I recoiled. Of course, Drake had no clue as to the turmoil his tale had unleashed on my stomach, which was spinning itself into knots.
“I’m good.” I waved him away, unable to believe my own words. “I’m good.”
“If you’re not up to it, I can take you home.” He touched my arm, high up near my shoulder, and rubbed small circles into it. “There’s not much left here anyway. Just trees.”
His kindness didn’t make finding my composure easy. The muscles in my face had tightened into a grimace, but I forced them back into their original position, the one that would convince Drake I was ready to continue.
My mother might be the reason my hopes had crashed and burned, but she was still my mother, and this might be the one chance I’d have to see a place where she had lived and laughed.
Once my breath flowed smoothly and my heartbeat had settled, I straightened and stepped away from his touch. “Just the heat playing whack-a-mole with my nervous system. I’m good.”
Drake stud
ied my face, then nodded and continued along the path. “If you say so.”
Thank heavens.
“You were telling me that the various monarchies separated.” I followed close behind him, opening and closing my hands to draw blood back into them.
“The individual packs based themselves in Sweden, England, Scotland, Spain and so on, and once Western Europe could support no new packs, they moved further east into the Baltics. For about a century, a status quo was reached. Then the human world wrecked their peaceful existence. The USSR splintered, wars broke out... About forty years ago, one group of wolves returned to America under the guise of a tribe of Roma.”
That pack would have been my mother’s. “They’d come home to where the journey had started, but the welcome wagon was missing.”

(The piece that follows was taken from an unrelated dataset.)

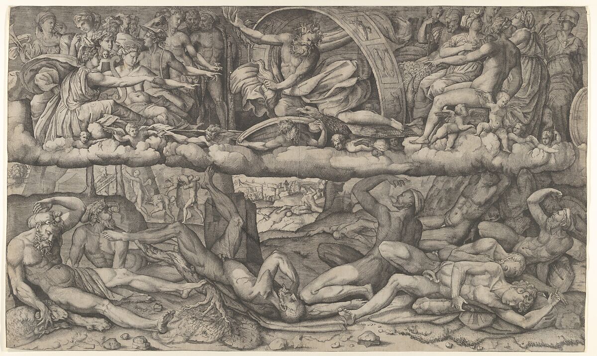 In the mid-sixteenth century, the story of Jupiter overcoming the Giants' uprising was often associated with the victories of Holy Roman Emperor Charles V (r. 1519–56) over the Protestant rebellion. Such was the case with the vault painted in about 1533 by Perino del Vaga (Pietro Buonaccorsi) in a chamber that served as a temporary throne room for the emperor in Andrea Doria's Genoese palace. This engraving records one of the preliminary drawings for the fresco. Perino follows Ovid's account in showing Jupiter fighting the Giants without help from the other Olympians, yet includes the boulders and uprooted trees mentioned by Apollodorus (Library 1.6) as weapons of the Giants.

“You could say that. The United States of America, as their old land was now known, was a different country from the one they’d left so many years before. Despite help from their European cousins, the American monarchy had been destroyed in a civil war. Only free packs remained, and they had a long memory and clung to their hatred of the old ways.”
The abundance of trees thinned to give way to an area that wasn’t quite a clearing.
“This is it.” He moved his arms to encompass the area. “This is where that tribe lived for a while.”
I did a slow three-sixty.
Dead stumps, covered with moss and dry leaves, formed a semicircle to my right. Be it coincidence or a deliberate move to create seating, it would have served the tribe well.
Drake described a vague shape with his hand. “This area was used as a communal living area. It’s sheltered, a great place to get together, and to meet strangers as a united front.”
“But they didn’t sleep here?”
“Each family entity made camp further back in the woods. Far apart, each claimed their own territory, but close enough to get safety through numbers when needed. Some built shacks or cabins, others roughed it in tents or lived in caravans.”
People had lived here, cooked here, laughed and cried here. Had my mom been one of them? She could have stood where I stood, felt the breeze as I felt it.